Top of TASK MATERIAL

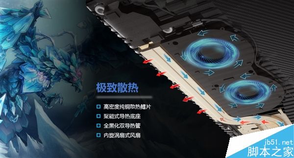 盡管CPU、顯卡發熱都不大,拯救者R720仍然采用了智能散熱系統,配備高密度純銅散熱鰭片、純黑散熱導管、聚能式導熱底座,以及蝸管式雙風扇。
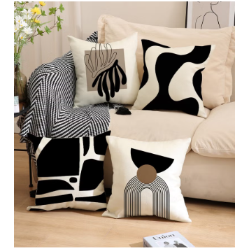 Modern Abstracts: Monochrome & Earth-Toned Throw Pillow Covers (Set of 4)
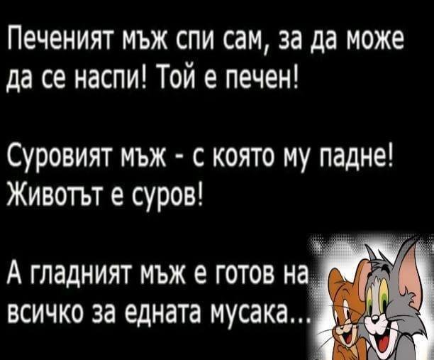 Та ето (една възможна) мъжка гледна точка в отношенията: - Мъжете сме прости хора - изпитваме само две чувства. Ако ни видите без ерекция, направете ни сандвич.
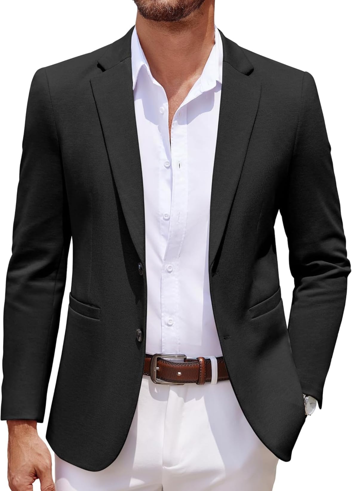 Mens Suit Jackets Casual Two Button Slim Fit Single Breasted Blazers Suit Separates Coat Sport Coats With Pockets For Wedding. Lycra Febric (In, Numeric, 34, Regular, 34, Black)
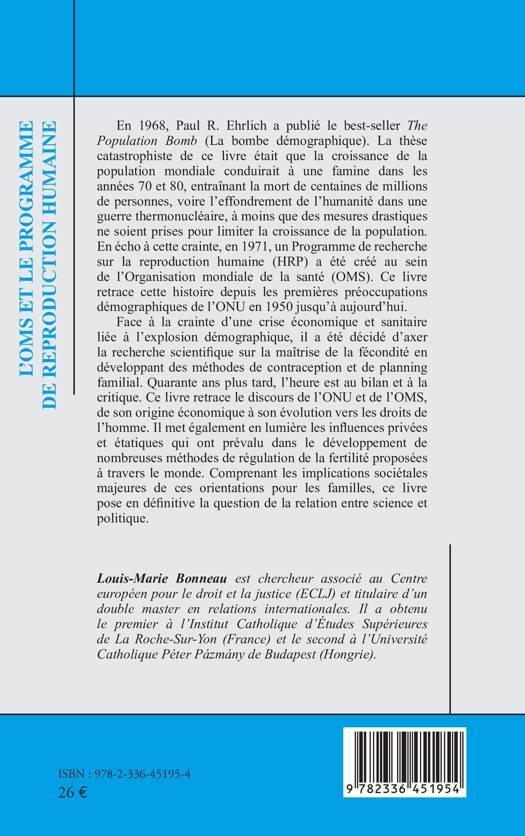 En 1968, Paul R. Ehrlich a publié le best-seller The Population Bomb (La bombe démographique). La thèse catastrophiste de ce livre était que la croissance de la population mondiale conduirait à une famine mondiale, voire à l'effondrement de l'humanité dans une guerre thermonucléaire, à moins que des mesures drastiques ne soient prises. En écho à cette crainte, en 1971, un Programme de recherche sur la reproduction humaine (HRP) a été créé au sein de l'Organisation mondiale de la santé (OMS). Ce livre retrace cette histoire de 1950 à aujourd'hui. Face à la crainte d'une crise économique et sanitaire liée à l'explosion démographique, il a en effet été décidé d'axer la recherche scientifique sur la maîtrise de la fécondité par des méthodes de contraception et de planning familial. Quarante ans plus tard, l'heure est au bilan et à la critique. Ce livre retrace le discours de l'ONU et de l'OMS, de son origine économique à son évolution vers les droits de l'homme. Il met en lumière les influences privées et étatiques qui ont prévalu dans les mesures de régulation de la fertilité proposées à travers le monde.
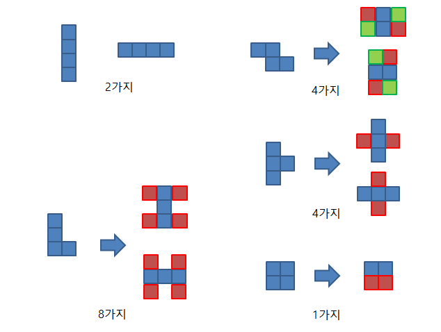 : 각 형태에 마다 나올 수 있는 모습을 고려한다. (총 19가지)

Bottom of TASK MATERIAL

## GOAL OF THE EXERCISE
All of the data is to be returned exactly, with no pictures included.

## ANSWER SPACE
 盡管CPU、顯卡發熱都不大,拯救者R720仍然采用了智能散熱系統,配備高密度純銅散熱鰭片、純黑散熱導管、聚能式導熱底座,以及蝸管式雙風扇。
 Modern Abstracts: Monochrome & Earth-Toned Throw Pillow Covers (Set of 4)
 Та ето (една възможна) мъжка гледна точка в отношенията: - Мъжете сме прости хора - изпитваме само две чувства. Ако ни видите без ерекция, направете ни сандвич.
 Mens Suit Jackets Casual Two Button Slim Fit Single Breasted Blazers Suit Separates Coat Sport Coats With Pockets For Wedding. Lycra Febric (In, Numeric, 34, Regular, 34, Black)
 En 1968, Paul R. Ehrlich a publié le best-seller The Population Bomb (La bombe démographique). La thèse catastrophiste de ce livre était que la croissance de la population mondiale conduirait à une famine mondiale, voire à l'effondrement de l'humanité dans une guerre thermonucléaire, à moins que des mesures drastiques ne soient prises. En écho à cette crainte, en 1971, un Programme de recherche sur la reproduction humaine (HRP) a été créé au sein de l'Organisation mondiale de la santé (OMS). Ce livre retrace cette histoire de 1950 à aujourd'hui. Face à la crainte d'une crise économique et sanitaire liée à l'explosion démographique, il a en effet été décidé d'axer la recherche scientifique sur la maîtrise de la fécondité par des méthodes de contraception et de planning familial. Quarante ans plus tard, l'heure est au bilan et à la critique. Ce livre retrace le discours de l'ONU et de l'OMS, de son origine économique à son évolution vers les droits de l'homme. Il met en lumière les influences privées et étatiques qui ont prévalu dans les mesures de régulation de la fertilité proposées à travers le monde.
 : 각 형태에 마다 나올 수 있는 모습을 고려한다. (총 19가지)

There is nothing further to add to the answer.